Colorado invokes pro-Israel state law to divest pension fund from Ben & Jerry’s

State is the seventh to punish ice cream company for 2021 decision to stop selling its products in 'occupied Palestinian territories'

Pro-Israel demonstrators protest in New York City against Ben & Jerry's, over its settlement boycott on August 12, 2021. (Luke Tress/Flash90)

JTA — In 2016, Colorado’s state pension fund passed a law pledging economic loyalty to Israel.

That law is now being invoked as the state becomes the seventh to punish ice-cream company Ben & Jerry’s over the company’s 2021 pledge to stop selling ice cream in “occupied Palestinian territories.”

The board of Colorado’s Public Employees’ Retirement Association voted unanimously Friday to begin a procedure to divest its holdings from Unilever, Ben & Jerry’s parent company, the Denver Post reported. The association drew upon the 2016 law, signed by Democratic then-Gov. John Hickenlooper, which requires the state pension to divest from any foreign company that has “economic prohibitions against Israel.”

“Ben & Jerry’s has made comments that are politically motivated for leaving Israel,” Amy McGarrity, chief investment officer for the fund, told the board, according to the Denver Post.

Ben & Jerry’s is based in Vermont, but qualifies as a foreign company because Unilever is a British conglomerate. It has said that refusing to do business in occupied territories does not constitute a boycott of Israel itself.

But that distinction isn’t flying with Colorado’s pension review board, or with other state funds that have invoked similar anti-boycott state laws to divest holdings from Unilever in the wake of the company’s statement.

Colorado’s law, which stands to affect around $42 million the fund had invested in Unilever, was one of a flurry of state laws considered or passed in 2016 that sought to use economic pressure as an explicit attempt to counter the growing Boycott, Divestment, Sanctions movement targeting Israel.

The use of state pension funds as a bargaining chip in the Ben & Jerry’s backlash is also significant given the growing prominence of investment firms in the Israel proxy war. In one notable skirmish, the multi-billion dollar investment research firm Morningstar has been scrutinized by pro-Israel groups for allegedly downgrading Israel investments.

The Colorado pension board’s vote triggers a 180-day period of dialogue with Unilever, following which the state would take around a year to fully divest its holdings if company policy does not change. Unilever has said its ownership agreement with Ben & Jerry’s means the ice-cream maker maintains a large degree of independence and cannot be overruled by the conglomerate.

Colorado would become the seventh state to go after Unilever economically over the statements from Ben & Jerry’s.

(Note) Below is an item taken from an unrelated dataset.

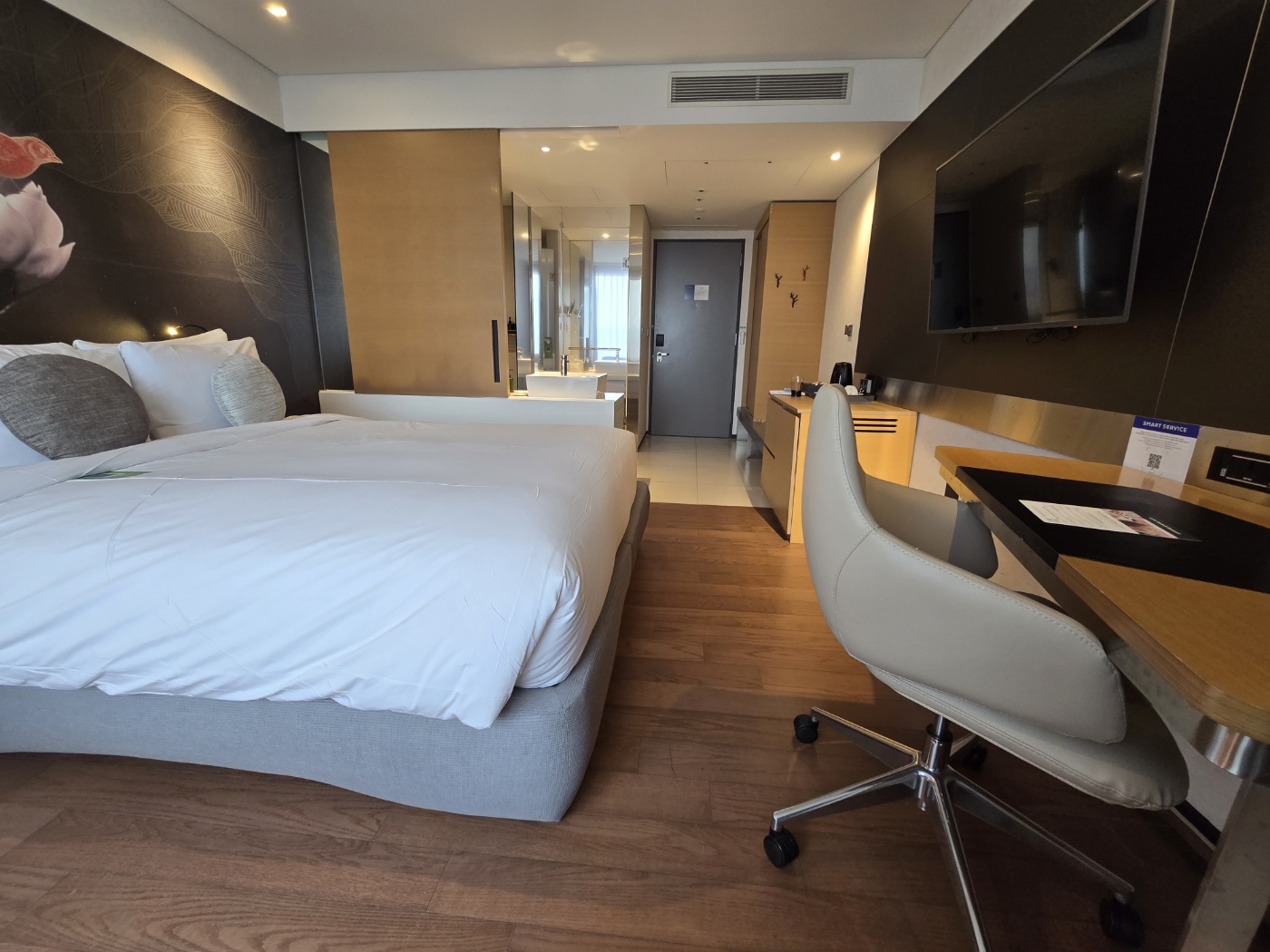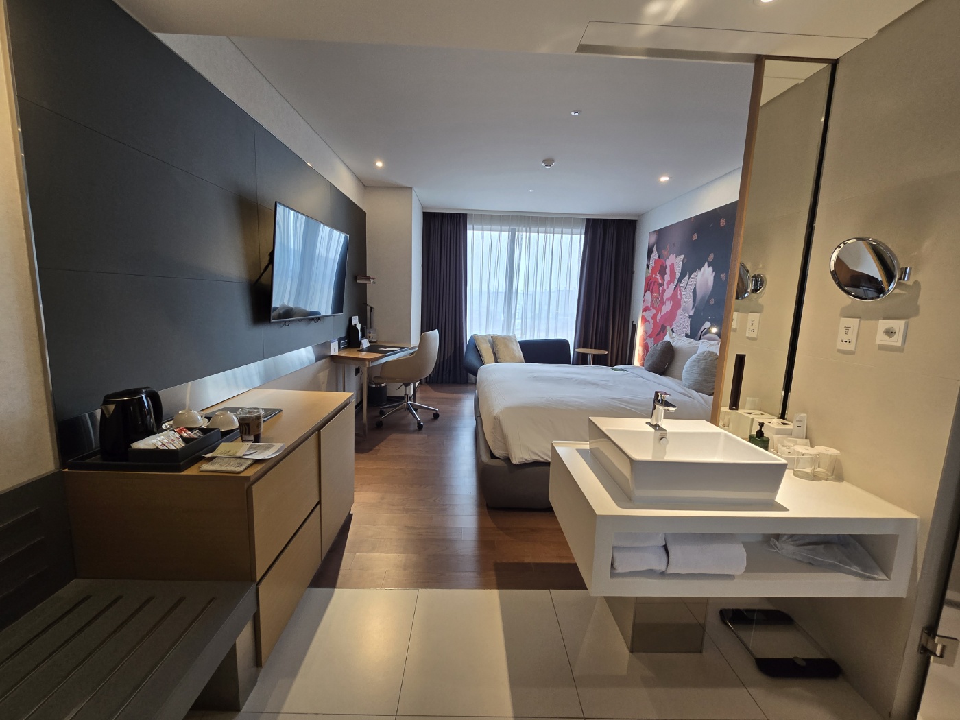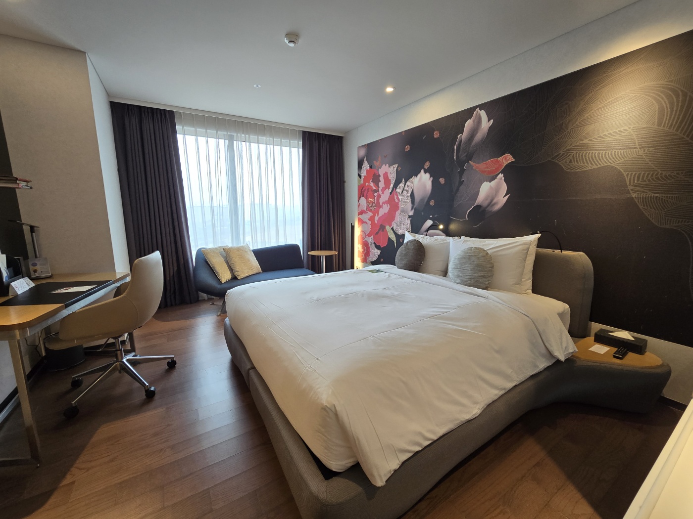 내부는 매우 마음에 드는 디자인이었습니다. 후기 보면서 여러 룸 타입을 봤는데 여긴 심플하면서도 뭔가 동양적인 느낌이 가득해요. 커다란 침대와 소파, 책상과 의자 탁자 등이 있어서 필요한 건 다 갖추고 있다는 걸 알 수 있고요.

Four others — New York, New Jersey, Illinois and Arizona — have also announced similar plans to divest state pension funds from the conglomerate, while Florida has halted new investments in Unilever and Texas has said it is limiting business with Ben & Jerry’s. Some other states have triggered reviews of their contracts with the company, but have not yet announced formal economic punishments.

Meanwhile. the Israeli affiliate of Ben & Jerry’s is also suing Unilever in U.S. court in an attempt to pressure the company to let it keep its contracts. The lawsuit describes the Ben & Jerry’s statement as “boycotting parts of Israel.”